- **Exercise details**
For this exercise, output the entries below exactly from the line that holds "Dámské náramkové hodinky" to the line that holds "其次是渤海银行、浙商银行、华", both ends included. No pictures belong in the copy.

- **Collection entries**

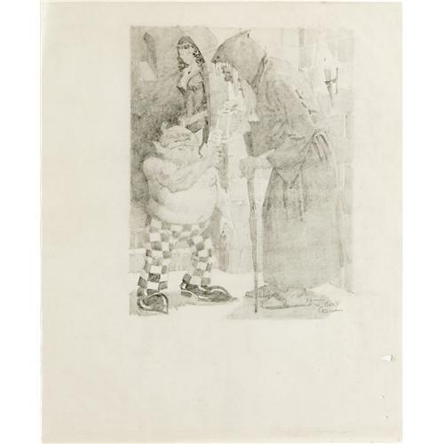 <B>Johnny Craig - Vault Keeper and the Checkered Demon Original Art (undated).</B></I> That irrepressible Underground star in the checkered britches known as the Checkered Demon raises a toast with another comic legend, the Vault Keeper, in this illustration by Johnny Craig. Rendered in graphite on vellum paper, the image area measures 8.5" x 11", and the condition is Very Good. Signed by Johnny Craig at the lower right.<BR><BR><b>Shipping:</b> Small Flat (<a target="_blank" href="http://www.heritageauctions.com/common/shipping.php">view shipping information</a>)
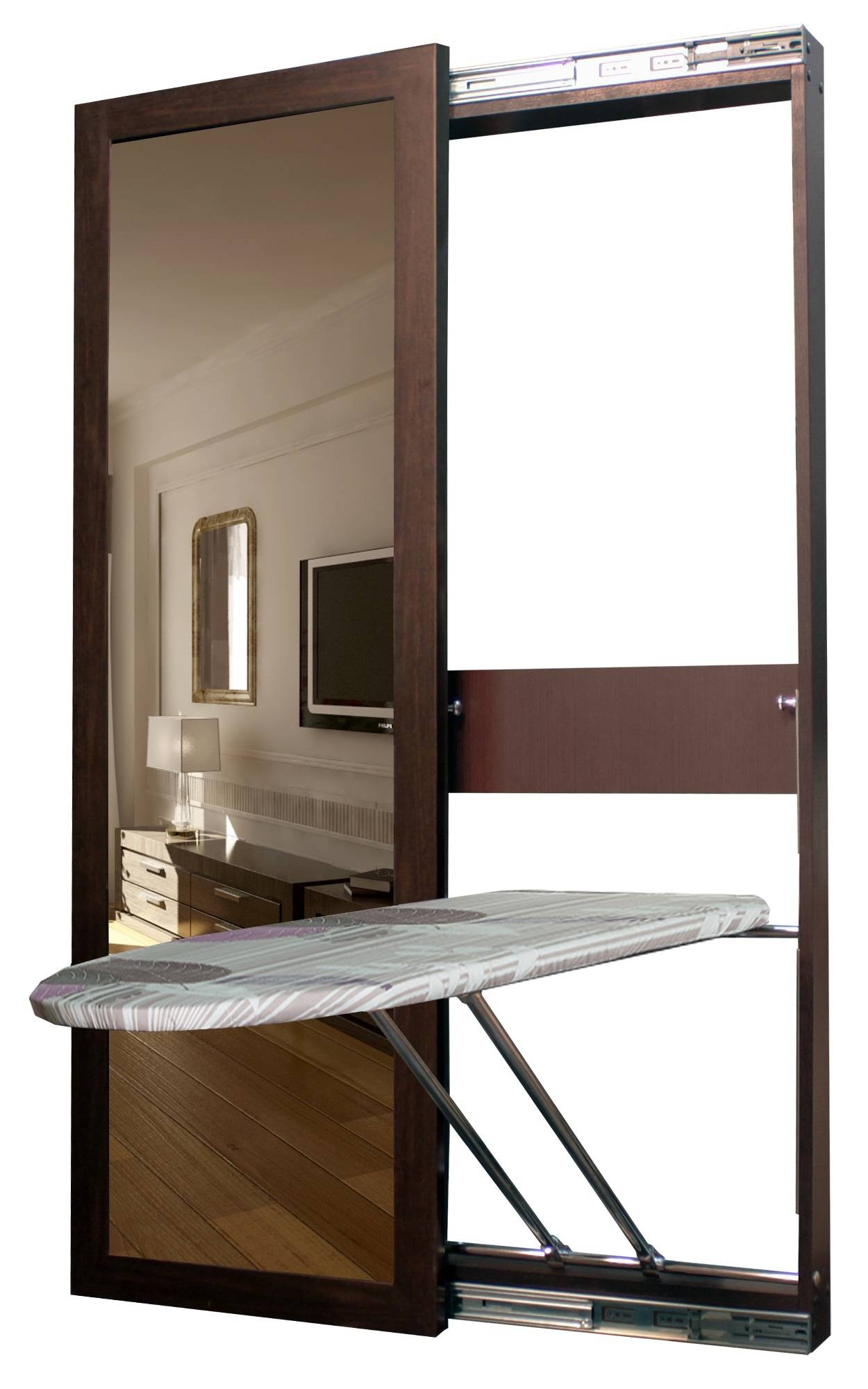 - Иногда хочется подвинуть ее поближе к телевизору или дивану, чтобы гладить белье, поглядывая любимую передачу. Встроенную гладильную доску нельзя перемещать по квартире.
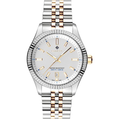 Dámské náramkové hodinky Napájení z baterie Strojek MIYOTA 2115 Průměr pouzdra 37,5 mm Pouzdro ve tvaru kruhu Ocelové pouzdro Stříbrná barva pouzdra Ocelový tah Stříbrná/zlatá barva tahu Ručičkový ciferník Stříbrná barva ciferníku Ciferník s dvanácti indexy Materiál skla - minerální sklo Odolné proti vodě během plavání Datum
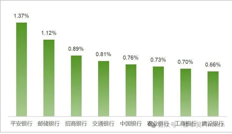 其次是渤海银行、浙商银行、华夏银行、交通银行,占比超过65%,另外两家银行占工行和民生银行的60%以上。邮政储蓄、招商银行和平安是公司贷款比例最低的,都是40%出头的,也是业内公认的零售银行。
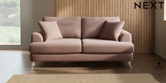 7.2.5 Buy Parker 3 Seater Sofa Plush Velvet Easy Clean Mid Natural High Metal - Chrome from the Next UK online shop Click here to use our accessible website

- **Solved exercise**
 Dámské náramkové hodinky Napájení z baterie Strojek MIYOTA 2115 Průměr pouzdra 37,5 mm Pouzdro ve tvaru kruhu Ocelové pouzdro Stříbrná barva pouzdra Ocelový tah Stříbrná/zlatá barva tahu Ručičkový ciferník Stříbrná barva ciferníku Ciferník s dvanácti indexy Materiál skla - minerální sklo Odolné proti vodě během plavání Datum
 其次是渤海银行、浙商银行、华夏银行、交通银行,占比超过65%,另外两家银行占工行和民生银行的60%以上。邮政储蓄、招商银行和平安是公司贷款比例最低的,都是40%出头的,也是业内公认的零售银行。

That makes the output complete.